* _TO DO_
Further down are entries; set down exactly and only the lines from the one with "This is an exceedingly" up to and including the one with "考虑到这是一个七人桌,枪口位", dropping each picture.

* _INFORMATION SHOWN_
──────────────────────────────
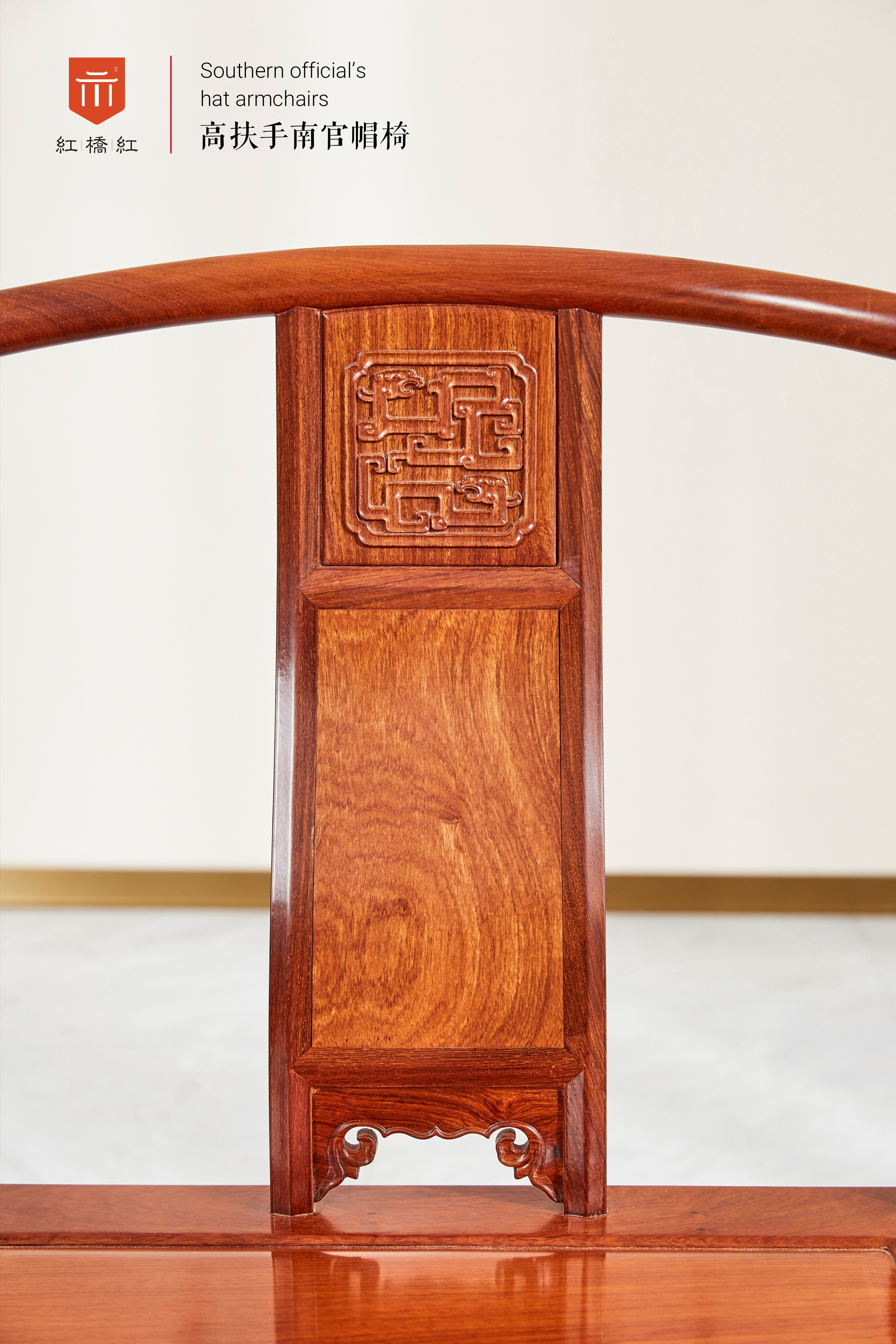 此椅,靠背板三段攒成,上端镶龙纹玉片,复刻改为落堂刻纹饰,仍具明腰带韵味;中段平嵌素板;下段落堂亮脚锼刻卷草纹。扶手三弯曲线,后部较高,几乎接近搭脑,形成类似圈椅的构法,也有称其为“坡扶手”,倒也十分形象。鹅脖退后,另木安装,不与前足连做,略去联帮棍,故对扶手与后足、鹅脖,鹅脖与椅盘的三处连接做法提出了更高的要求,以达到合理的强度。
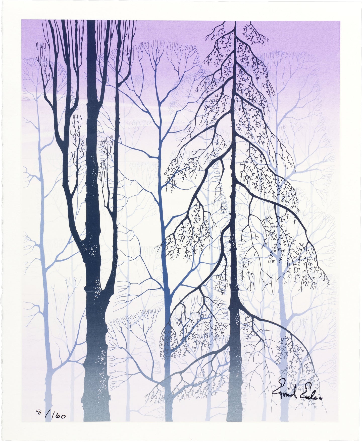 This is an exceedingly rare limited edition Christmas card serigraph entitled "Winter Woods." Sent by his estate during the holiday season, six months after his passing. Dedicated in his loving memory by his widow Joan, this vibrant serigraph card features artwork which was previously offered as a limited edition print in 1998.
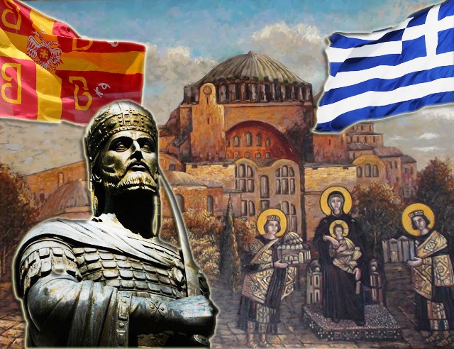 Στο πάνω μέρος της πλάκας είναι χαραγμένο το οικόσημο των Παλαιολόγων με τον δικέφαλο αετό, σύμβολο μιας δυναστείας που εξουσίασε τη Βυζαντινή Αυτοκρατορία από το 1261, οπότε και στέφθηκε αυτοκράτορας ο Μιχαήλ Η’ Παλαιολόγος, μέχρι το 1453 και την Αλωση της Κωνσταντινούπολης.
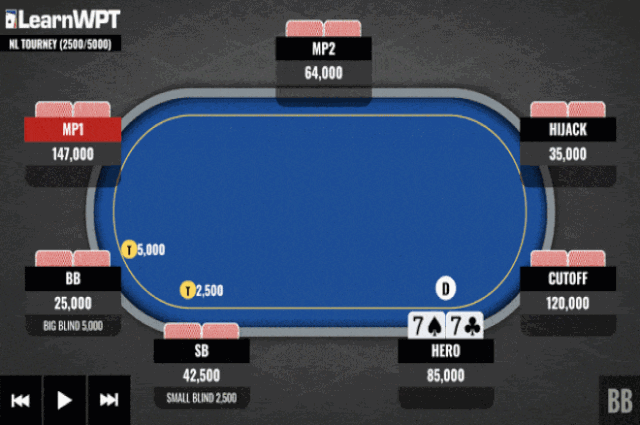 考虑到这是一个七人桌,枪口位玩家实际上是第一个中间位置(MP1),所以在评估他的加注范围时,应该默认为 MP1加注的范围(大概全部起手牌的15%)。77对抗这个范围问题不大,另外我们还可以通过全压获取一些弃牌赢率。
──────────────────────────────
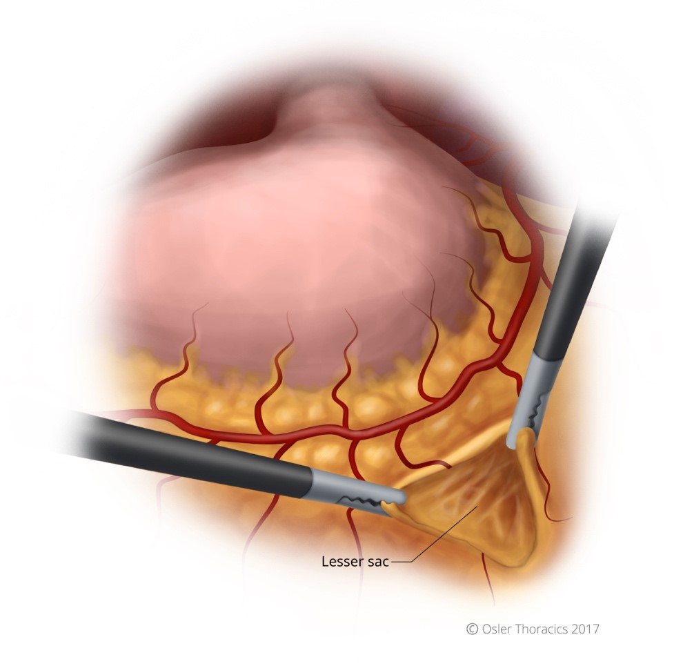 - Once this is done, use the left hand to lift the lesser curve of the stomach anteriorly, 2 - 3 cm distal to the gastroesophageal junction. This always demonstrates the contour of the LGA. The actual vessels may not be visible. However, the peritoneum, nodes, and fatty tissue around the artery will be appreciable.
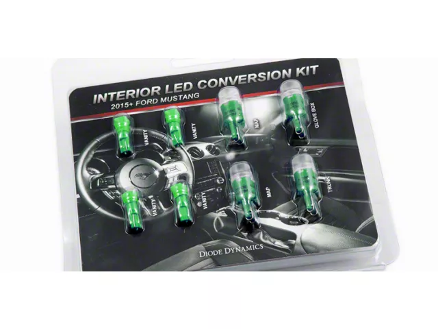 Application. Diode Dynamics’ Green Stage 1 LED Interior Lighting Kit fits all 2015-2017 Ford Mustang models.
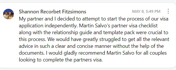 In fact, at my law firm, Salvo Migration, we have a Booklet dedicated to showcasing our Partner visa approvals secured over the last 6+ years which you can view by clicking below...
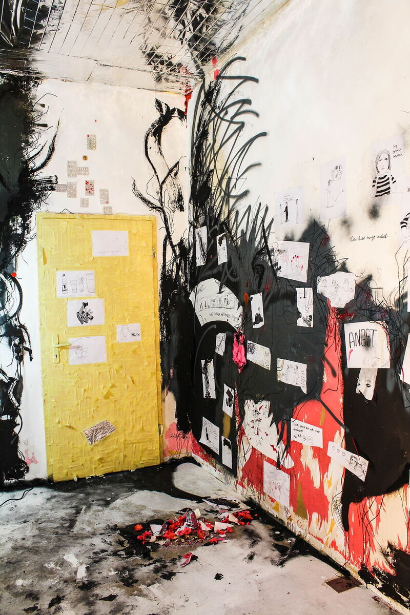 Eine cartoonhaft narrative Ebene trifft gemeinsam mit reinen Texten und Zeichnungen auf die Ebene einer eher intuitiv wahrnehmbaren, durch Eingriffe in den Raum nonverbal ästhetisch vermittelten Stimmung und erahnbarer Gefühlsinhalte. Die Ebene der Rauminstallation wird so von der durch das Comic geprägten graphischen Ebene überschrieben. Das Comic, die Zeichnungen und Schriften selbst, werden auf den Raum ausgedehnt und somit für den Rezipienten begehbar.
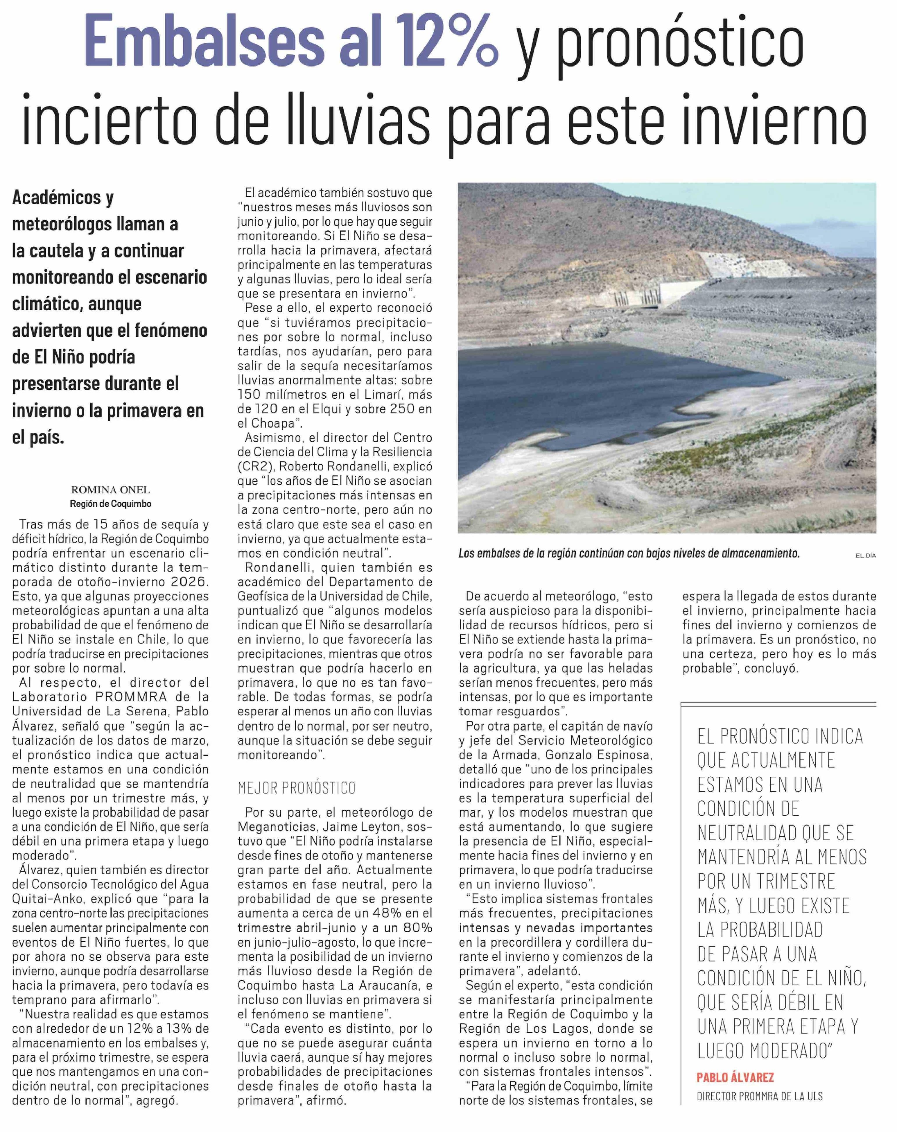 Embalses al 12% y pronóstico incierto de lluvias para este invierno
──────────────────────────────
* _ANSWER SECTION_
 This is an exceedingly rare limited edition Christmas card serigraph entitled "Winter Woods." Sent by his estate during the holiday season, six months after his passing. Dedicated in his loving memory by his widow Joan, this vibrant serigraph card features artwork which was previously offered as a limited edition print in 1998.
 Στο πάνω μέρος της πλάκας είναι χαραγμένο το οικόσημο των Παλαιολόγων με τον δικέφαλο αετό, σύμβολο μιας δυναστείας που εξουσίασε τη Βυζαντινή Αυτοκρατορία από το 1261, οπότε και στέφθηκε αυτοκράτορας ο Μιχαήλ Η’ Παλαιολόγος, μέχρι το 1453 και την Αλωση της Κωνσταντινούπολης.
 考虑到这是一个七人桌,枪口位玩家实际上是第一个中间位置(MP1),所以在评估他的加注范围时,应该默认为 MP1加注的范围(大概全部起手牌的15%)。77对抗这个范围问题不大,另外我们还可以通过全压获取一些弃牌赢率。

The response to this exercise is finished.